After our long bus ride into Manuel Antonio yesterday, we finally arrived at the five star hotel Olivia had been endlessly telling us about. It was rainy and foggy, so we couldn't really get a good feel for the general positive atmosphere for the place, but still we were a little bit disappointed. The rooms were less impressive than the ones at Monteverde. Furthermore, though my room looks out onto a general area of the hotel, most of our peer's rooms look at the porch of a room across from them.

We've mostly attributed this to the different atmosphere of the hotel. Monteverde had a much more serene feel to it, while El Parador, the hotel we're staying at, is much more of a tropical atmosphere. You can see the ocean from some parts of the hotel which is nice. There are also lots of statues and fountains around the hotel, and their pools look nice. Of course, I understand how lucky I am to be staying at a hotel of this quality, but we've been told that this hotel was supposed to be so much better than the last one we stayed at, which was amazing. So its simply a result of high expectations.
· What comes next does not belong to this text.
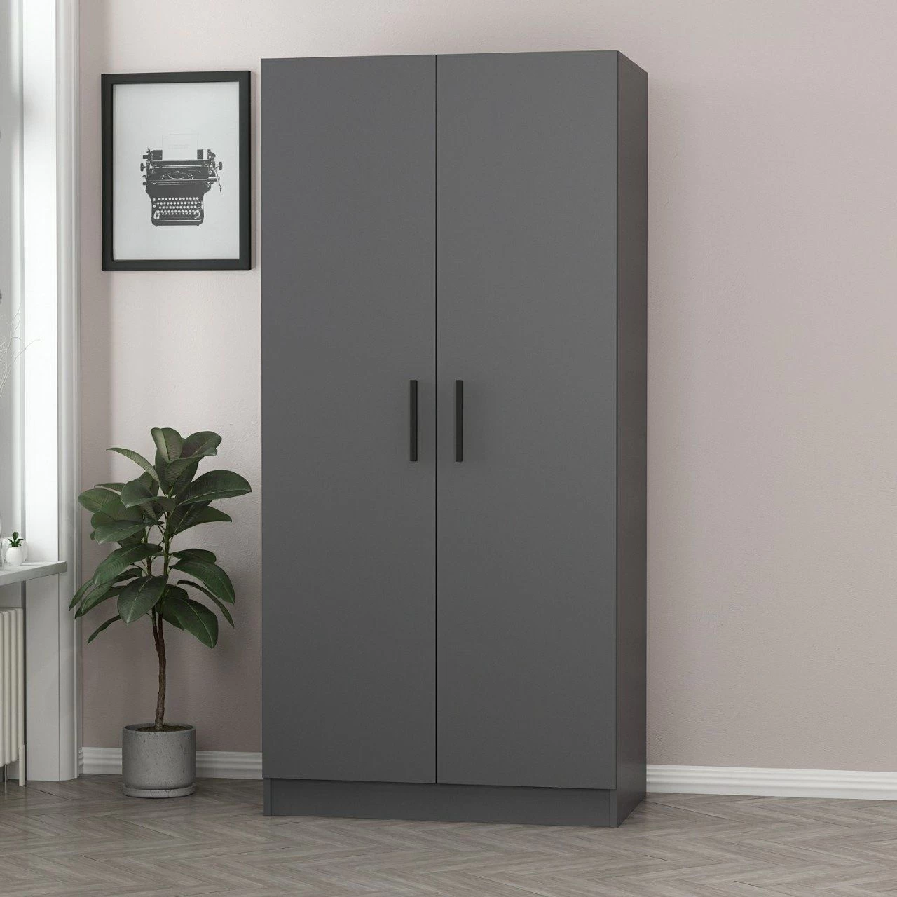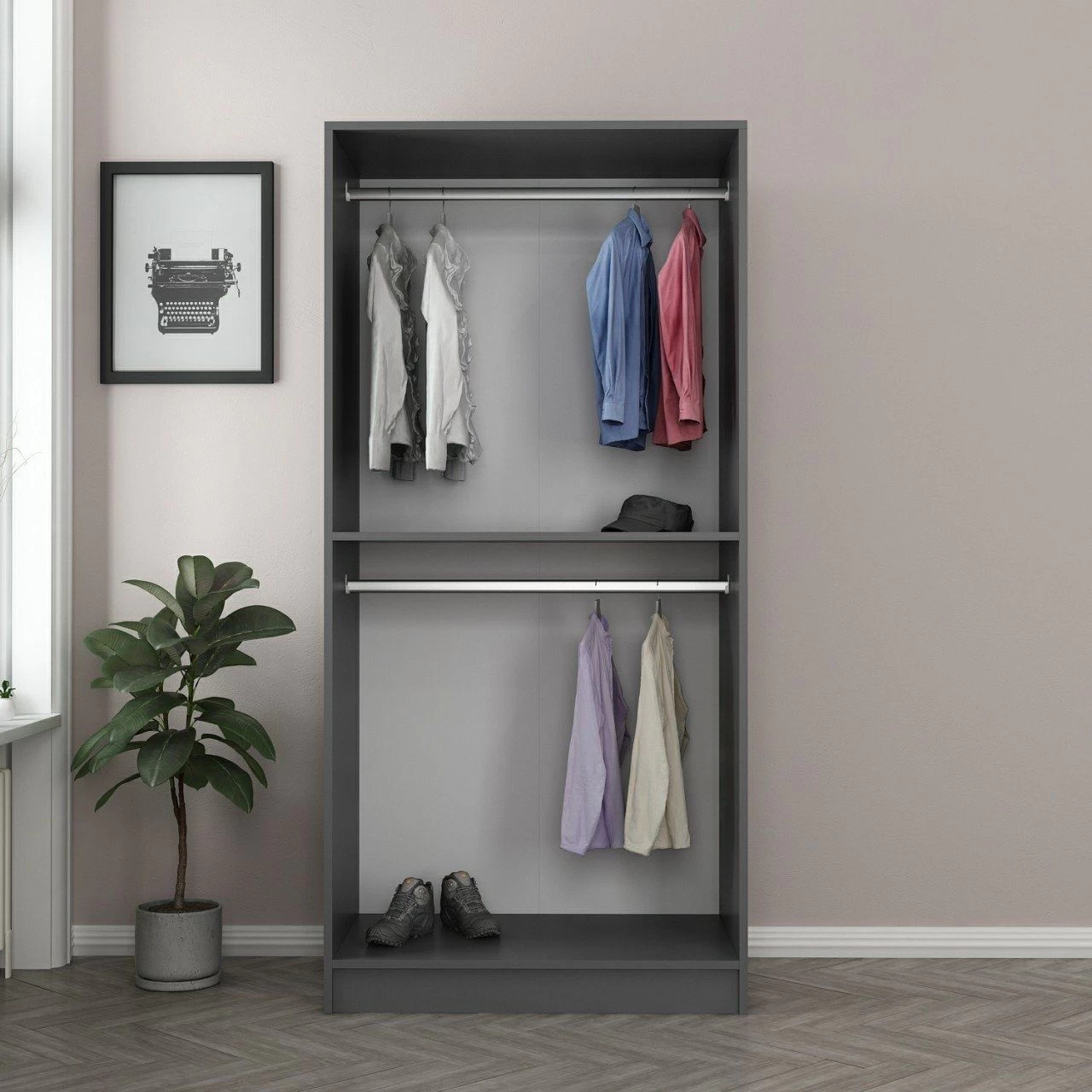 Afgewerkt in een strakke antracietkleur voegt deze kast een vleugje elegantie toe aan elke kamer. De tijdloze tint past bij verschillende interieurstijlen, van modern tot klassiek, en zorgt voor een naadloze integratie met je bestaande inrichting. Verrijk je ruimte met een kledingkast die niet alleen functioneel is, maar ook de algehele esthetiek verbetert.

We also went ahead and ate dinner at the hotel yesterday, which was of acceptable quality. Again, nothing stupendous for a five star hotel, but not bad. Afterwards, Emily, Brandon, and Greg congregated in our room for some card games. We passed the night with Euchre, President, and Durak, and before long it was time for bed, and though Julia and I couldn't figure out how to turn of one of the lights in our room for a while, we finally did get to sleep.